Code above demonstrates how to use Conjugate Gradient algorithm. TensorFlow Finance provides also implementations of others optimization algorithms:

Conjugate Gradient method. This is a first-order method.
BFGS. This is Quasi-Newton first-order method. It needs $O(N^2)$ memory ($N$ - domain dimensionality) to approximate the Hessian matrix, so it may not work for large $N$.
L-BFGS. This is optimized version of BFGS which uses less memory.
Nelder-Mead. This is gradient free method, i.e. it doesn't need gradient.
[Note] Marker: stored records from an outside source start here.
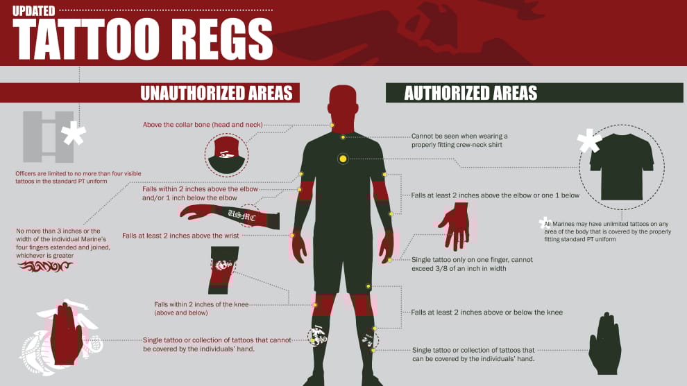 圖為美國海軍對於士兵,可以看到上面的規範包括露出的刺青面積不能太大、腿上的刺青大小不能超過一個手掌等等。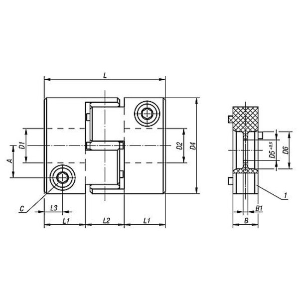 ELASTOMER-KLAUENKUPPLUNG MIT RADIALER KLEMMNABE GR.30 L=58 ALUMINIUM, KOMP:PO...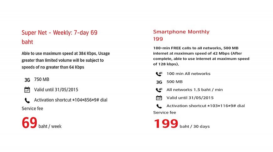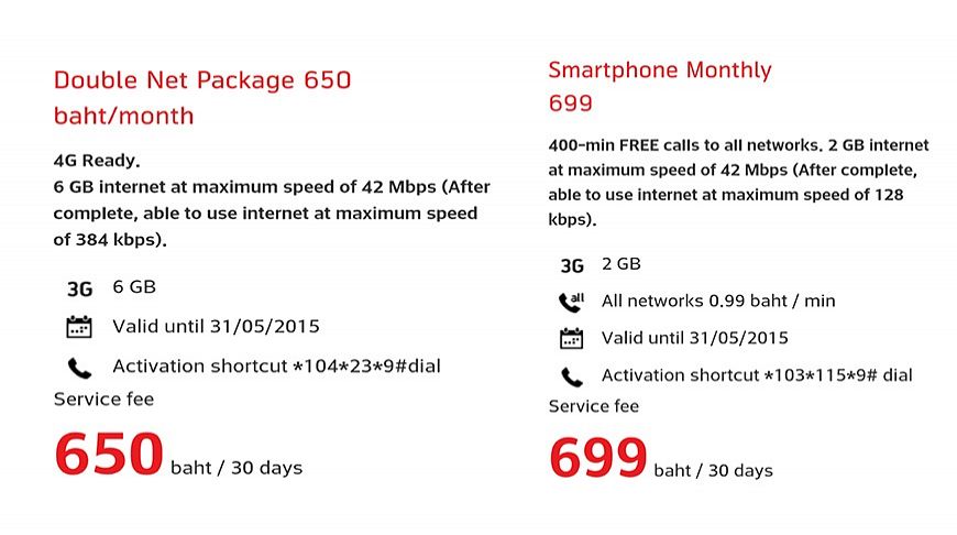 Пакет стоит от 49 батов, на счету будет 15 батов. Также есть предложение по 299 и 599 батов (100 батов уже на счету). В них входит соответственно 7 и 14 дней безлимитного Интернета (до 1,5 ГБ). Чтобы карта оставалась активной, в течение 35 дней нужно пополнить баланс.

It can be used to optimize non-differentiable function (or a function for which gradient can't be easily computed), but it typically will perform many more evaluations of the objective function than first-order methods.
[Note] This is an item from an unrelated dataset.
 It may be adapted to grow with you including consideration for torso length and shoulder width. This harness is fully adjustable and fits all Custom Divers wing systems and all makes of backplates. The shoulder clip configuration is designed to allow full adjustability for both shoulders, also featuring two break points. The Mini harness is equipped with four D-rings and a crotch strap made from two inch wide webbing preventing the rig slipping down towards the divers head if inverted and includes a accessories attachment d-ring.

Example below optimizes the same function with all available algorithms.



In [12]:

    
def rosenbrock(x):
  return 100 * tf.reduce_sum(tf.square(x[1:] - tf.square(x[:-1]))) + \
      tf.reduce_sum(tf.square(1 - x[:-1]))
rosenbrock_with_gradient = make_val_and_grad_fn(rosenbrock)
start = tf.zeros(7, dtype=tf.float64)

# Conjugate Gradient.
result = tff_optimizer.conjugate_gradient_minimize(
    rosenbrock_with_gradient,
    start,
    tolerance=1e-4,
    max_iterations=1000)
assert(np.allclose(result.position.numpy(), np.ones(7), 1e-4))
print("Objective evaluations with Conjugate Gradient: %d" % 
      result.num_objective_evaluations.numpy())


# BFGS.
result = tff_optimizer.bfgs_minimize(
    rosenbrock_with_gradient,
    start,
    tolerance=1e-4,
    max_iterations=1000)
assert(np.allclose(result.position.numpy(), np.ones(7), 1e-4))
print("Objective evaluations with BFGS: %d" % 
      result.num_objective_evaluations.numpy())

# L-BFGS.
result = tff_optimizer.lbfgs_minimize(
    rosenbrock_with_gradient, 
    start,
    tolerance=1e-4,
    max_iterations=1000)
assert(np.allclose(result.position.numpy(), np.ones(7), 1e-4))
print("Objective evaluations with L-BFGS: %d" % 
      result.num_objective_evaluations.numpy())

# Nelder-Mead.
result = tff_optimizer.nelder_mead_minimize(
    rosenbrock, 
    initial_vertex=start,
    position_tolerance=1e-4,
    max_iterations=1000)
assert(np.allclose(result.position.numpy(), np.ones(7), 1e-4))
print("Objective evaluations with Nelder-Mead: %d" % 
      result.num_objective_evaluations.numpy())









    



Objective evaluations with Conjugate Gradient: 297
Objective evaluations with BFGS: 124
Objective evaluations with L-BFGS: 107
Objective evaluations with Nelder-Mead: 1493

For more examples on BFGS, L-BFGS and Nelder-Mead methods, refer to this example from TensorFlow Probability.